South African politician (1920–1993)

Hudson William Edison Ntsanwisi (11 July 1920 - 23 March 1993) was the first Chief Minister of Gazankulu, a former bantustan in apartheid-era South Africa.

== Biography ==
Ntsanwisi was the first of three children born to William and Evelyn Ntsanwisi on 11 July 1920 at Shiluvane Swiss Mission Station, 30 km south of Tzaneen, Transvaal Province of South Africa. Hudson Ntsanwisi had a meritorious school career. He attended the Shiluvane Primary School where he passed the Higher Primary Standard VI Examination in 1935, being placed first in the Transvaal Province, he taught at Emmarentia Geldenhuys High School in Warmbaths, now known as Bela-Bela and then enrolled at the University of Fort Hare to finish his final year doing a BA degree. He later enrolled at the University of South Africa, where he obtained a master's degree in African studies in 1965. He then went on to attend Georgetown University in the United States, where he studied linguistics.

After graduating from the University of Fort Hare, he founded Shiluvane Secondary School in 1949. In 1960 he was seconded to the University of the North, where he was attached to the Department of African Languages. He later served as dean of students.

He was the first African layman to hold the position of moderator of the Tsonga Presbyterian Church, now known as the Evangelical Presbyterian Church in South Africa -an office he held for a period of 12 years. During this period he attended international church conferences in Africa and overseas as a delegate of the church.

Ntsanwisi was also a prolific writer in his subject. He published a novel "Masungi" in Xitsonga, and a series of Tsonga Readers for Primary Schools, Makomba Ndlela. He was the first African author to write such a series. He also published one scientific work in Linguistics entitled "A Descriptive Study of the Idiom in Tsonga".

After returning to South Africa, he worked as a teacher, and later as a school inspector in 1956 in the northern Transvaal Province. He became the first Chief Minister of Vatsonga-Machangana Territorial Authority (which was later renamed Gazankulu) in 1969. He served as Chief Minister until his death in 1993. In 1979, the Legislative Assembly in recognition of his dedicated, distinguished and devoted service, conferred on him the Chieftainship of Majeje which he finally accepted in 1985. In 1980, the degree of Doctor of Administration(Honoris Causa) was conferred on him by the University of the North in recognition of his contribution to education and nation building.

Ntsanwisi was an offspring of the Maluleke Royal House.

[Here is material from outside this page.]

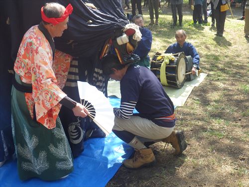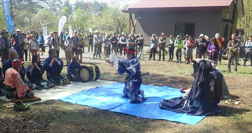 鞍掛山山開き式が4月29日、鞍掛山の麓のたきざわ自然情報センター前で開催されました。式では登山者や関係者などおよそ300人が集まる中、篠木神楽保存会による演舞も披露されました。

He was a great-grandson of Majeje, the son of the great Chieftain Maxakadzi of the Maluleke clan.

Ntsanwisi was a supporter of South African President F.W. de Klerk and Nelson Mandela, and their reforms which ultimately led to the end of apartheid in 1994.

===Ximoko===
Ntsanwisi founded the Ximoko cultural organisation in 1984, which became a political party in 1990.